#194 Article 501 Posted at 1995/10/28 04:43:13 by W.M. (MAP009) [NO.04]

Subject: Re:*9 雨、逃げ出した後 /499 .... /448 /445

ちょっと辛口の感想です。

> シンジも普通~の男の子~~。(おいおい)

 う~ん、私の感想も、ほとんどこれに尽きます (^^;)。
 コミックス 1巻の巻末の庵野監督の文章では、シンジ君は特に人つきあい
について特殊であるかのような感じでしたが、そういうわけではなくて、
「ちょっと引っ込み思案なだけ」なんですね。

  NERVも、シンジ君に対して、ちゃんと(本人にも気がつかせない)護衛を付
けているはずです(だって、彼が交通事故や暴漢に会ったりしたら、人類が
困ることになるんですよ)。だから、彼が電車でぐるぐる周っていたり、
特に観る気もない映画の上映館に入ったりしているときにも、NERV側に護衛
から連絡が入り、彼の行動が補足されているという描写があってもよかった
かなぁ、と思いました。

  (映画がドキュメンタリーというのが、ちょっと驚きました。
   第三東京ではそんなもの上映しているのか…)

 ただ、駅で彼が特別列車に乗らなかったことについて、描写が足りないよ
うな、よくわからない気がしました。今まで、ずうっと「言われたことをす
る、逆らわない」という行動方針を取っていた彼が、転校したばかりの学校
の友達(1日しか会っていない)と会話し殴り合って、で、自分の意志でもう
一度やってみようと思ったというのが、むしろ唐突にさえ感じられました。

 ミサトさんが駅に車で駆けつけてきたのは、なぜかなぁ。もう一度説得し
ようとしたのかな? それとも、たんなる見送り? シンジ君の直属の上司なら
ば、NERVから出るときに付いているのが普通でしょうに、夜勤あけで寝てい
たのかな?
  彼女の行動も、唐突な感じで、わからなかったです。

from article No.465 しっぽ(☆)さん:
> 貴重なパイロットを、いくら本人の意志だからってこう簡単にやめさせてしまう
> なんて‥‥妙な意味で個人の権利が尊重されてるなあ。戦意高揚ビデオを何日間も
> 見せ続けて洗脳するとかすれば話は簡単なのに(笑)

 そうそう、私もそれを考えました。
 修理費が国の予算に匹敵するような、人類最後の切り札とも言える人造人
間のパイロット、いまのところ、世界に 3人しか見つかっていない。それを、
ちょっとプレッシャに負けていじけているからといって、ああも簡単に放り
出してしまうのかなぁと。

 で、もうちょっと思いをめぐらせたところ…

   ひょっとすると、シンジ君がエヴァに乗るような心情になるよう、児童
    心理学者を含めたチームがシナリオを組んで、彼や友人が NERVの都合の
    よいように誘導したんじゃないだろうか

…というのを考えつきました。

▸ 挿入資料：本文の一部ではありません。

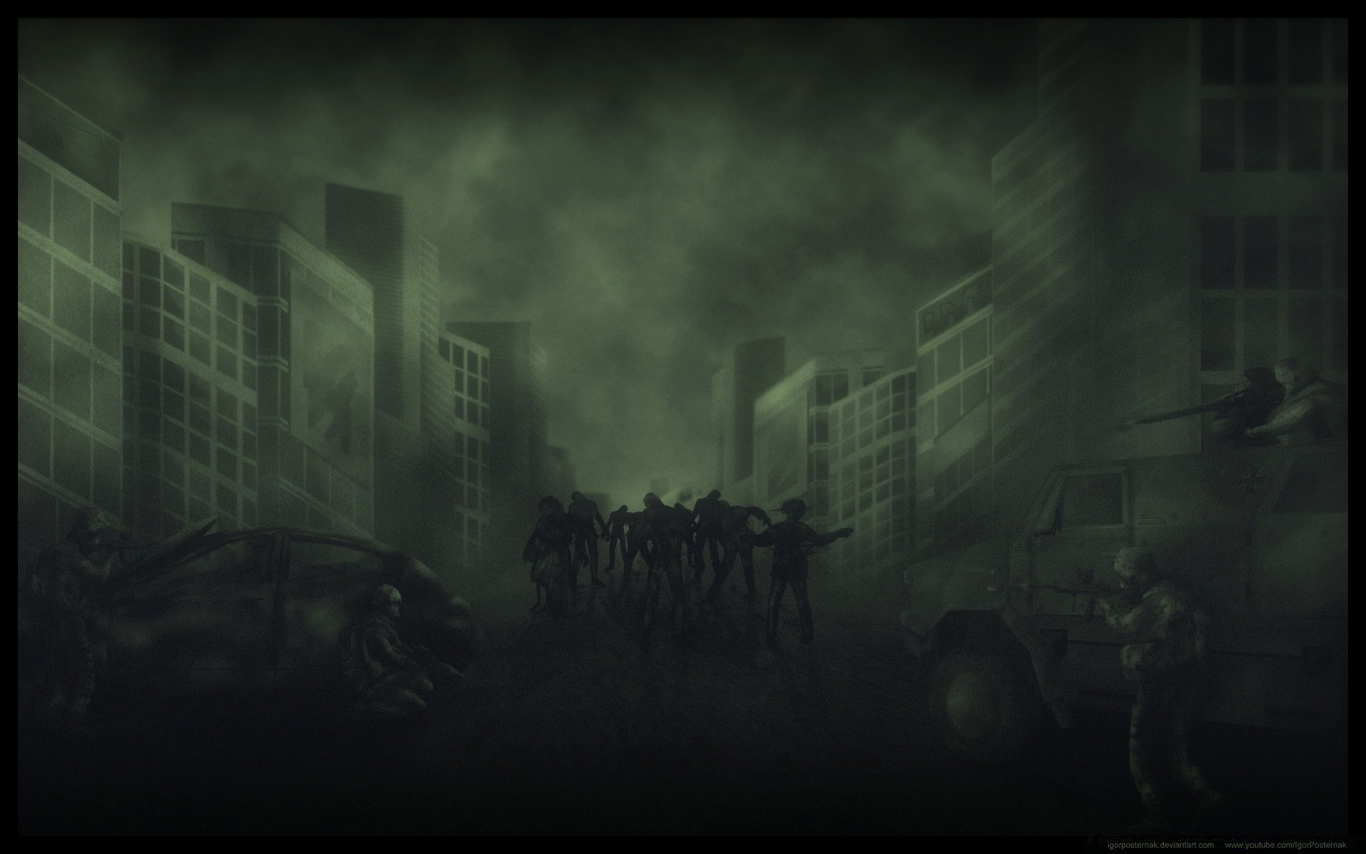 Horror pictures of a city with fog and zombies
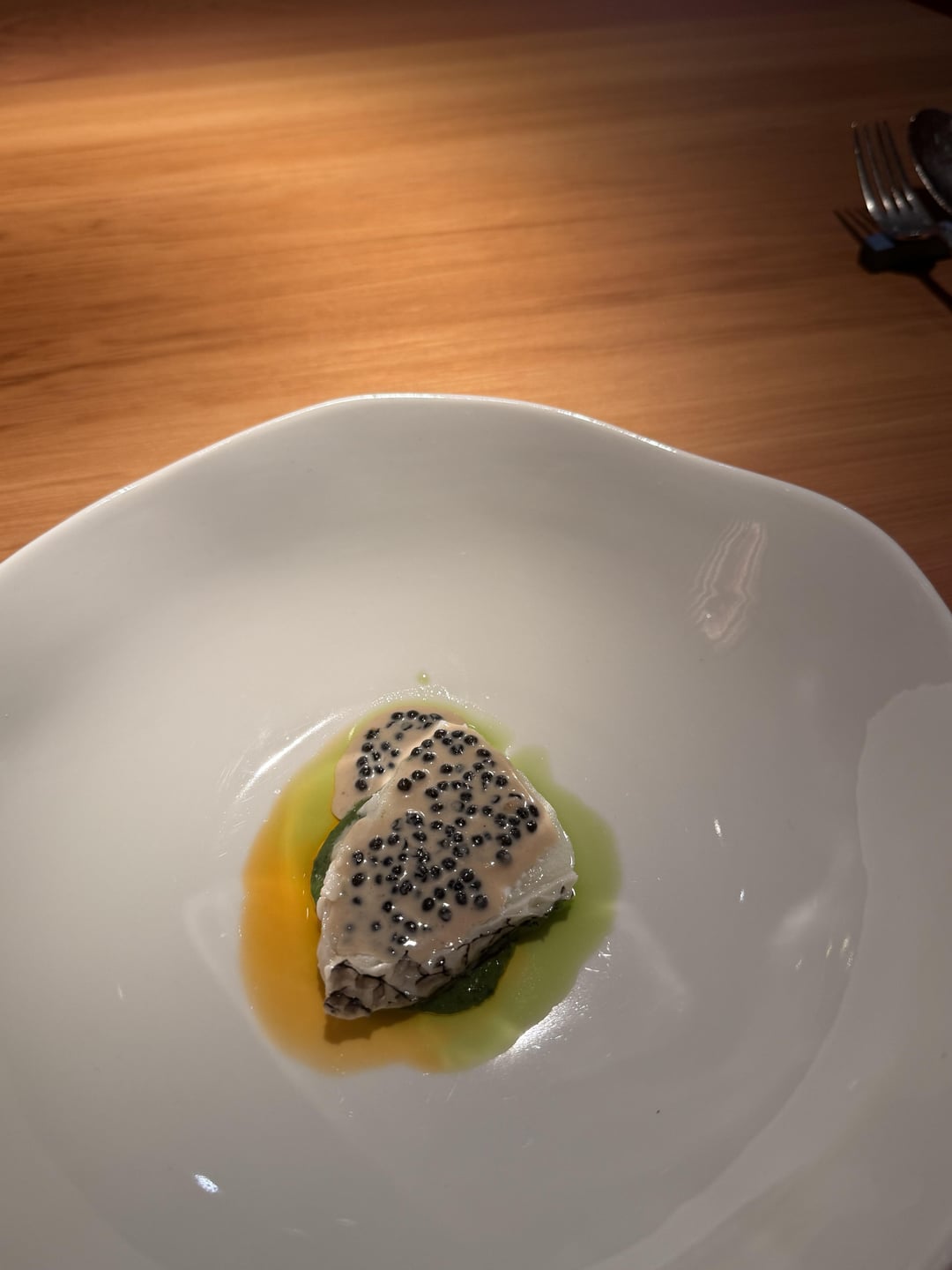 Chilean sea bass in a bone sauce with caviar, sorrel and kimchi oil.

もし、あの列車に乗ったとしても、行った先
で彼はさまざまな人との出会いがあり会話があり、それらはやっぱり彼の考
えを「自発的に」変えさせようとする、仕組まれたものである、というわけ
です。そのぐらいの人員と費用、NERVにとってみれば軽いものでしょう。

  (でも、もしそんなストーリーで、そういう描写がされていたとしたら、
   シンジ君は主人公ではなく、NERVという組織に動かされる単なるコマの
   1つとなり、作品が変わってしまいますね)

 エヴァンゲリオンとは、感情を司る神経を含めて接続されるそうですから、
「無理強いして」とか「薬で」・「洗脳して」というのでは、パイロットと
して役立たなくなるのでしょう、きっと。